→ Work instructions: Copy word for word the lines of the records below, beginning at the one with "Mideer - Spinecare" and finishing at the one with "The Mad River", ends included, but none of the pictures.

→ The records:
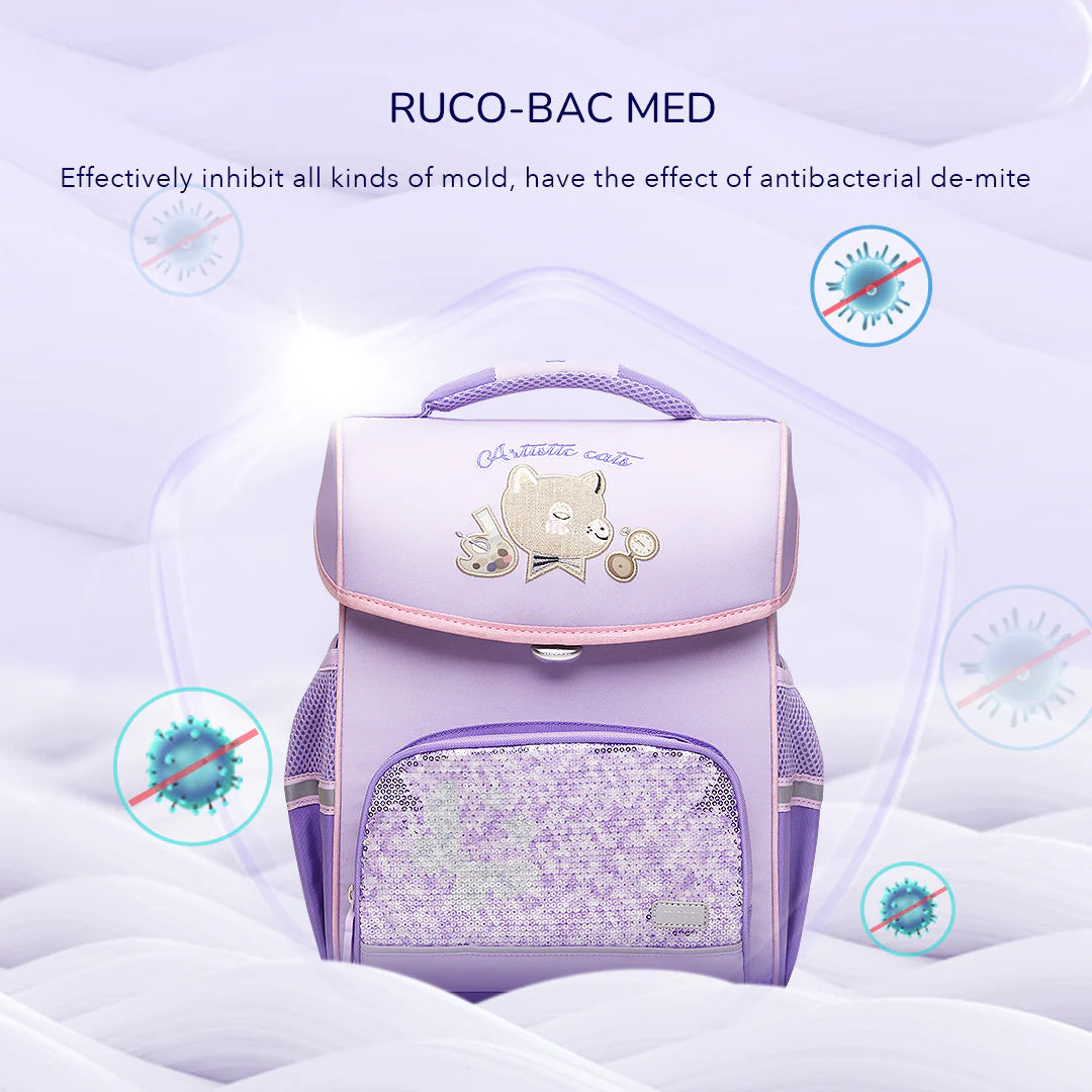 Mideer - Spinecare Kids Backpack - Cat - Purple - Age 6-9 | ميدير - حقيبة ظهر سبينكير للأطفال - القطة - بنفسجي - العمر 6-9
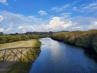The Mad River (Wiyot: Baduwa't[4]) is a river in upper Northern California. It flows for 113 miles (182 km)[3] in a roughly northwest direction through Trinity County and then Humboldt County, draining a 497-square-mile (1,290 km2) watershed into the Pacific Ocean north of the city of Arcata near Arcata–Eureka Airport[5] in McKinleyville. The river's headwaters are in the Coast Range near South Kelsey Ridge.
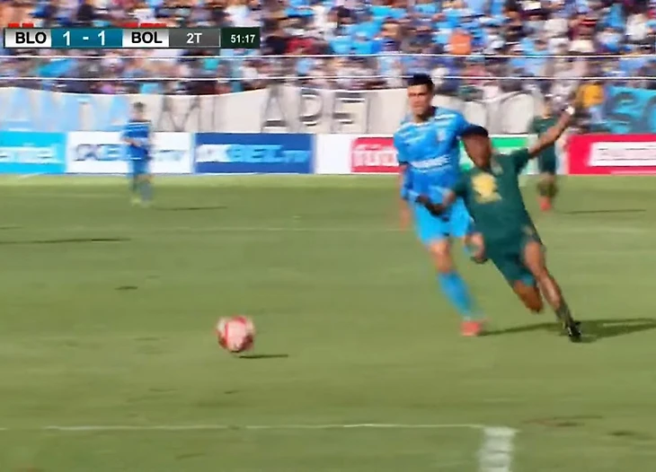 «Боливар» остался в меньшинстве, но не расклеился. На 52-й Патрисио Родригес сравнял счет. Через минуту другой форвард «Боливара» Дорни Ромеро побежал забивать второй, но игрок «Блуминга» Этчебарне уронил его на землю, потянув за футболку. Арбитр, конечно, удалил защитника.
---
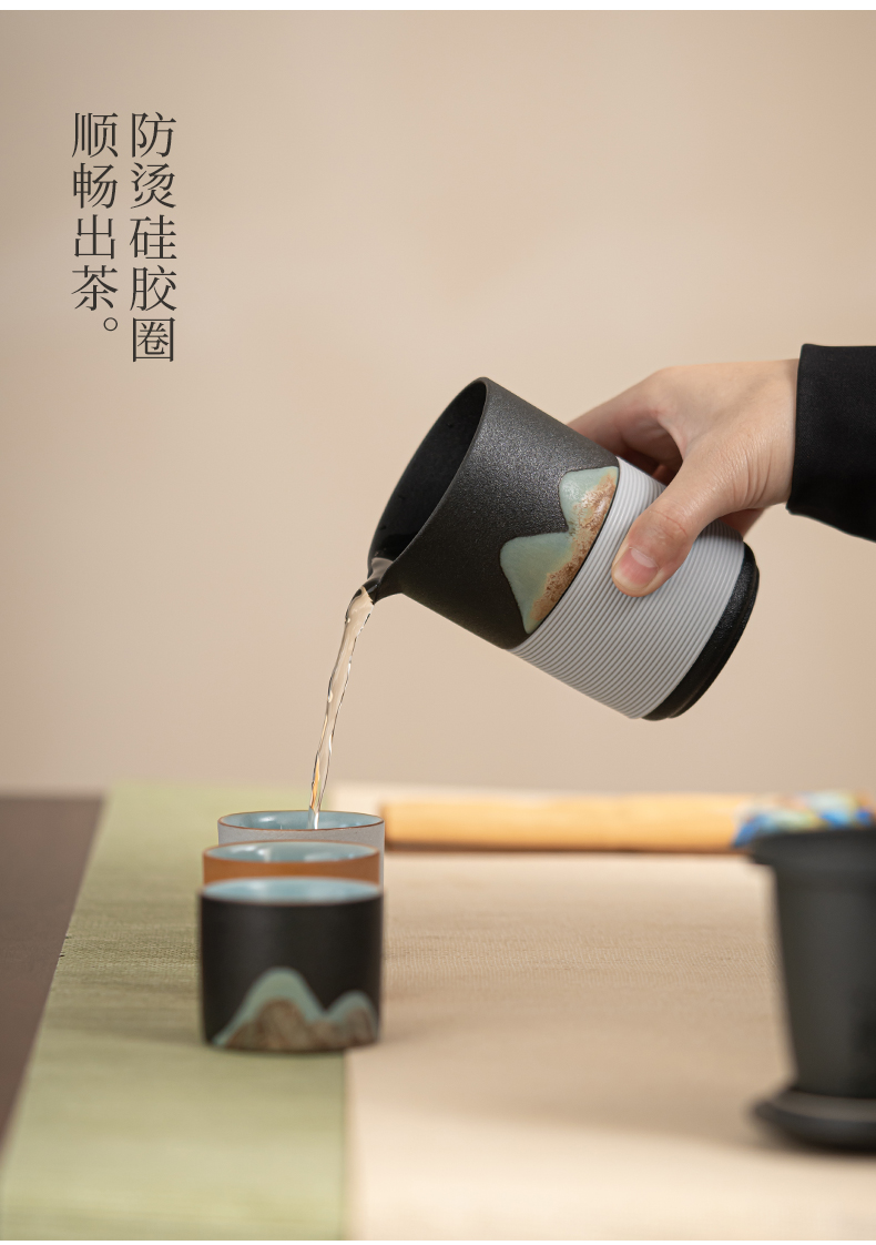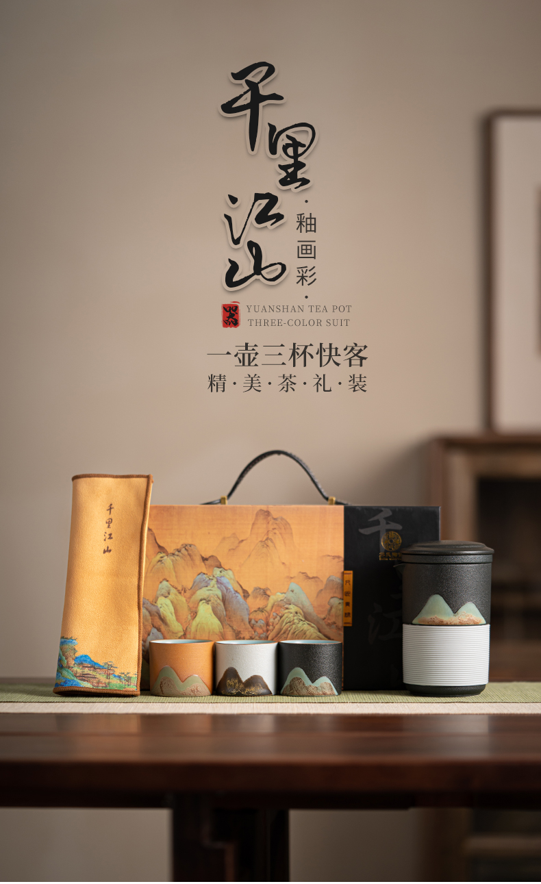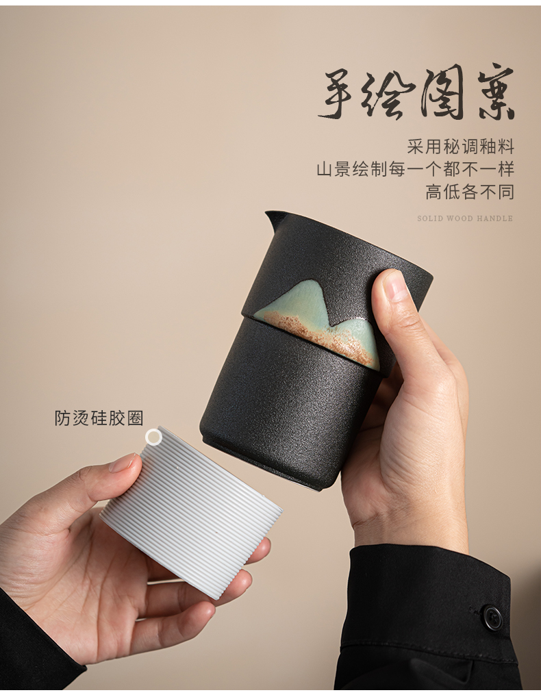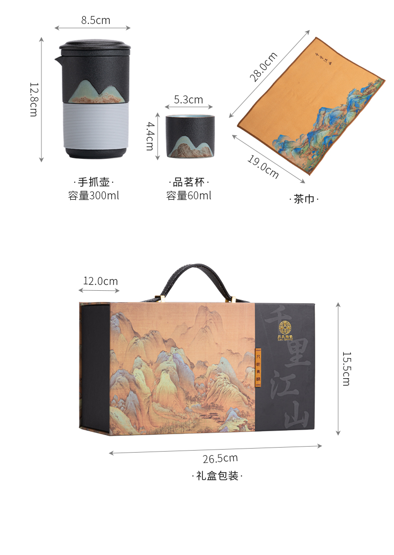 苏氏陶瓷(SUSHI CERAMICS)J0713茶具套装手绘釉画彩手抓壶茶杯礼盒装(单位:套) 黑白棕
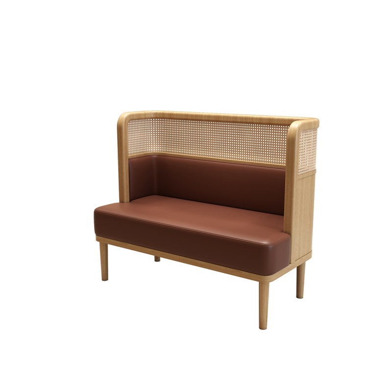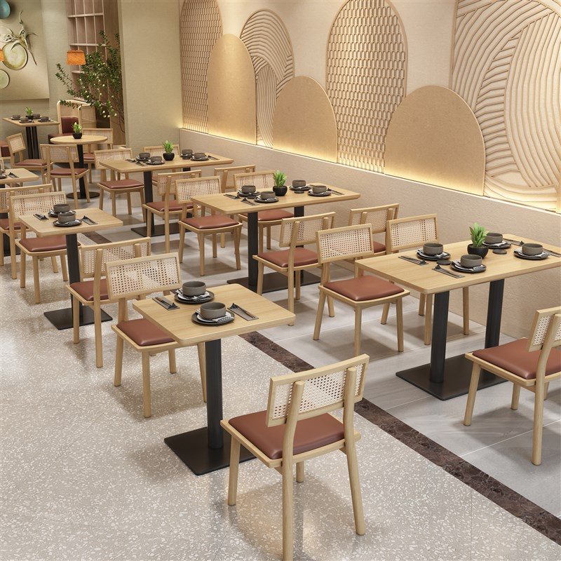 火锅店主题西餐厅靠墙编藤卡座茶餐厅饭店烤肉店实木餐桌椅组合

→ Result of this task:
 Mideer - Spinecare Kids Backpack - Cat - Purple - Age 6-9 | ميدير - حقيبة ظهر سبينكير للأطفال - القطة - بنفسجي - العمر 6-9
The Mad River (Wiyot: Baduwa't[4]) is a river in upper Northern California. It flows for 113 miles (182 km)[3] in a roughly northwest direction through Trinity County and then Humboldt County, draining a 497-square-mile (1,290 km2) watershed into the Pacific Ocean north of the city of Arcata near Arcata–Eureka Airport[5] in McKinleyville. The river's headwaters are in the Coast Range near South Kelsey Ridge.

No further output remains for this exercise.